“Effectiveness Deadline” means, with respect to the Shelf Registration Statement or New Registration Statement, sixty (60) days following the Filing Date; provided, however, that if the Company is notified by the SEC (either orally or in writing, whichever is earlier) that the Shelf Registration Statement or the New Registration Statement will not be reviewed or is no longer subject to further review and comments, the Effectiveness Deadline as to such Shelf Registration Statement shall be the fifth (5th) Business Day following the date on which the Company is so notified if such date precedes the dates otherwise required above; provided, further, that if the Effectiveness Deadline falls on a Saturday, Sunday or other day that the SEC is closed for business, the Effectiveness Deadline shall be extended to the next Business Day on which the SEC is open for business; provided, further, that if the SEC is closed for operations due to a government shutdown or lapse in appropriations, the Effectiveness Deadline shall be extended by the same amount of days that the SEC remains closed for operations and provided, further, that if the Shelf Registration Statement or the New Registration Statement is reviewed by the SEC, the fifth (5th) Business Day following the completion of such review.
“Effectiveness Period” has the meaning set forth in Section 2.1(b)(i).
“Event” has the meaning set forth in Section 2.1(d).
“Event Date” has the meaning set forth in Section 2.1(d).
“Exchange Act” means the Securities Exchange Act of 1934, as amended, and the rules and regulations of the SEC promulgated thereunder.
“Filing Deadline” has the meaning set forth in Section 2.1(a).
“FINRA” means the Financial Industry Regulatory Authority.
“Form S-3” means such form under the Securities Act as in effect on the date hereof or any successor or similar registration form under the Securities Act subsequently adopted by the SEC that permits inclusion or incorporation of substantial information by reference to other documents filed by the Company with the SEC.

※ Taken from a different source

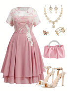 فستان Ellevyn نسائي بمقاسات كبيرة من الشيفون بلون أزرق داكن، أنيق لحفلات الزفاف والحفلات، ربيع/صيف

“Free Writing Prospectus” means an issuer free writing prospectus, as defined in Rule 433 under the Securities Act, relating to an offer of Registrable Securities.
“Holder” means any Purchaser or its permitted assignee owning or having the right to acquire Registrable Securities.
“Liquidated Damages” has the meaning set forth in Section 2.1(d).
“Losses” has the meaning set forth in Section 2.5(a).
“New Registration Statement” has the meaning set forth in Section 2.1(a).
“Participating Holder” means with respect to any registration, any Holder of Registrable Securities covered by the applicable Registration Statement.
“Person” shall mean an individual, partnership, corporation, limited liability company, business trust, joint stock company, trust, unincorporated association, joint venture or any other entity or organization.